Foundations of faith.The means of giving a thorough and systematic teaching regarding the strong foundations of faith, is one that should be considered by all educators. It is true that the emotions and affections are, as in the case of all personal relations, the appropriate means of intercommunion; but the religious life, if it is not to become weak and sentimental, needs the bracing power of intellectual study, and the Scriptures, especially the writings of St. John and St. Paul, afford such exercise.

I may perhaps summarise the lines on which the grounds of a rational faith seem to be established, and which should surely be formulated, as we formulate the principles on which we base our faith in matters of science. They may be arranged under two heads—objective and subjective:—

1. Sense compels us to recognise the existence of a universe, to which we can set no bounds of space or time. We find everywhere at work forces adapted to produce results immeasurably greater, yet similar in character, to those produced by our own exercise of thought and will; we are unable to conceive of either except as ultimately proceeding from a personal mind and will.

Since our mind interprets the phenomena of sense, which is the language of Nature; since the intelligent mind is related to an intelligible universe, the finite mind must be related to the infinite, man must be the child of God.

The facts of history show us man in all ages renouncing all that the animal craves for, for the sake of the ideal, the transcendent.

2. Man is self-conscious, he can become an object to himself; that he can do this proves him to have a dual nature. The higher sits in judgment on the lower, or animal nature (identified with the individual), seeks to bring it into obedience to the universal. Since we can identify conscience with the universal mind and will, we infer that we are on the one side in communion with God, as on the other with the universe.

Man has the power of sympathy. As we cannot conceive of light without postulating an all-comprehending æther, through which all things are related, so the fact that we are affected, actually feel physically and mentally with others, is inconceivable without postulating one all-embracing Personality.

The faith that good must ultimately triumph is an axiom of the moral life; we find it impossible to believe the reverse.

These are some of the broad bases on which rest the Christian dogmas of the relation of man to God the All-Father, which tell of a perfect Son, and of the power given to all to rise through grace into the spiritual life.

I have dwelt on the subject at some length, because it seems to me that the intellectual relation to God has been too much ignored; we should love with the mind as well as with the heart; with the developing of the physical and psychical life, the soul craves to root itself more firmly on the consciousness of the universal, it desires to be at one with the All-Wise and the All-Good Father of spirits to work out the purpose of its own existence.
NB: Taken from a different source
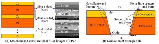 1]. Based on their structural and material characteristics, FPCs display many desirable properties, such as high reliability, flexibility, light weight and thinness. FPCs have been applied in various fields including the 3C products of the computer, communication and consumer electronics. The future trend of electronic products is light, thin, short and small. Therefore, it is necessary to process the FPCs with high density and quality interconnects. Microhole drilling is the main processing technology to obtain the interconnects in FPCs. There are strict requirements for the size and quality of the microholes drilled in FPCs, which directly determine the density and performance of interconnects.

It seeks to be in harmony with all who are living by the highest ideal; hence the impulse to work in associations, specially in the spiritual life, for life must overflow into action! It seeks evermore to be at one in its being, and to bring the individual self into harmony with the all-embracing Spirit in whom we are one.

I may recommend to teachers the recently published volume on Religious Teaching in Schools, by Dr. Bell of Marlborough.